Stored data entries
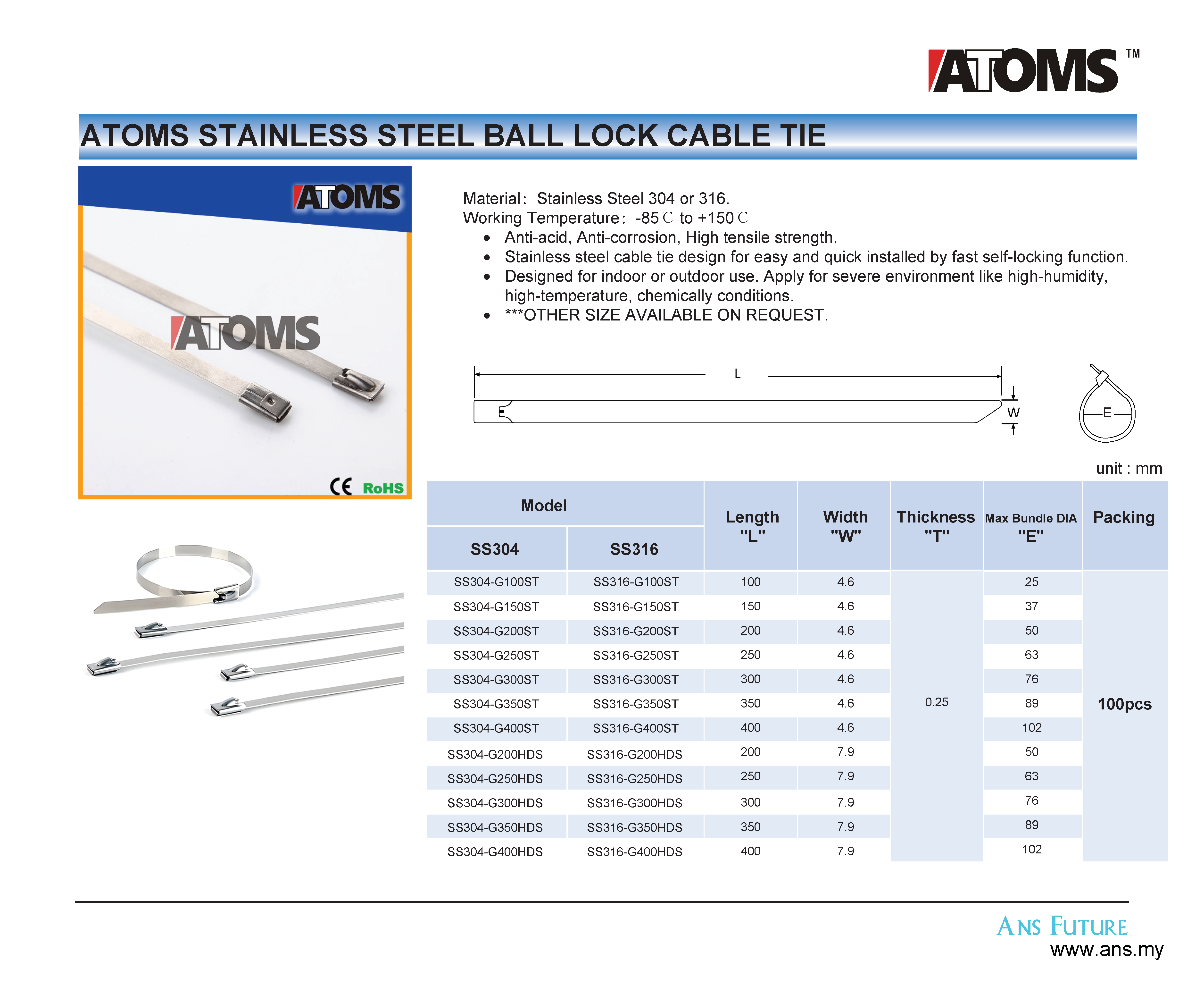 ATOMS Stainless Steel Cable Tie (SS304)
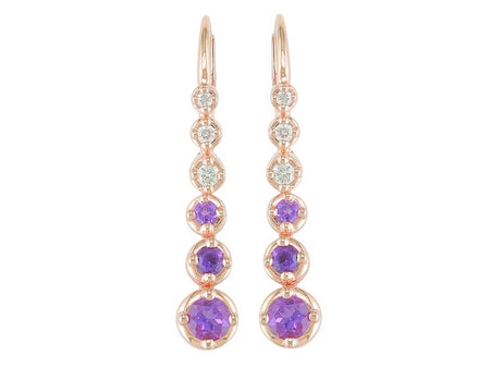 10K Rose Gold Amethyst & Diamond Dangle Earring
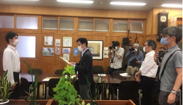 第2回ウッドトランスフォームシステムコンペディションで、本校インテリア科3年の宝満くん【最優秀賞】と、卒業生【優秀賞】を受賞し、本来は東京での表彰授賞式と北海道での作品制作が実施予定でしたが、コロナウイルス感染症の影響で中止となり、本校校長室で表彰式を行いました。たくさんの報道機関関係者が来校し取材。近日中に各社掲載されます。
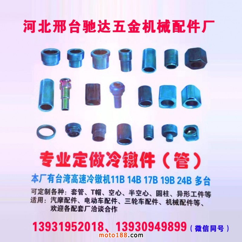 擁有臺灣機多臺專業生產各種冷墩件、管件等異型件,主要用于汽摩配件、機械配件、五金工具、電動自行車配件、精密機械配件等均可加工定制(定制直徑5mm-30mm,長度5mm-100mm)。
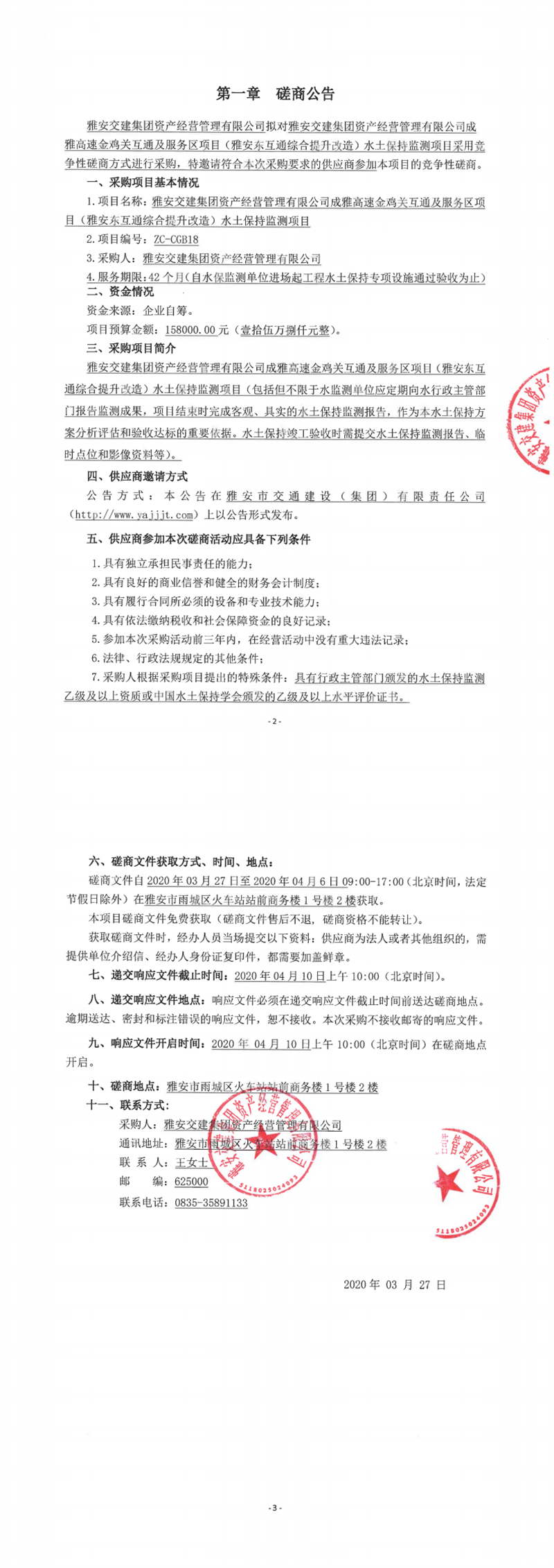 雅安交建集團資產經營管理有限公司成雅高速金雞關互通及服務區(qū)項目(雅安東互通綜合提升改造)水土保持監(jiān)測項目競爭性磋商公告

__What is required__
Write the lines from the line containing "第2回ウッドトランスフォーム" through the last line of the data out again exactly, and only those lines; pictures stay out.

__Result below__
 第2回ウッドトランスフォームシステムコンペディションで、本校インテリア科3年の宝満くん【最優秀賞】と、卒業生【優秀賞】を受賞し、本来は東京での表彰授賞式と北海道での作品制作が実施予定でしたが、コロナウイルス感染症の影響で中止となり、本校校長室で表彰式を行いました。たくさんの報道機関関係者が来校し取材。近日中に各社掲載されます。
 擁有臺灣機多臺專業生產各種冷墩件、管件等異型件,主要用于汽摩配件、機械配件、五金工具、電動自行車配件、精密機械配件等均可加工定制(定制直徑5mm-30mm,長度5mm-100mm)。
 雅安交建集團資產經營管理有限公司成雅高速金雞關互通及服務區(qū)項目(雅安東互通綜合提升改造)水土保持監(jiān)測項目競爭性磋商公告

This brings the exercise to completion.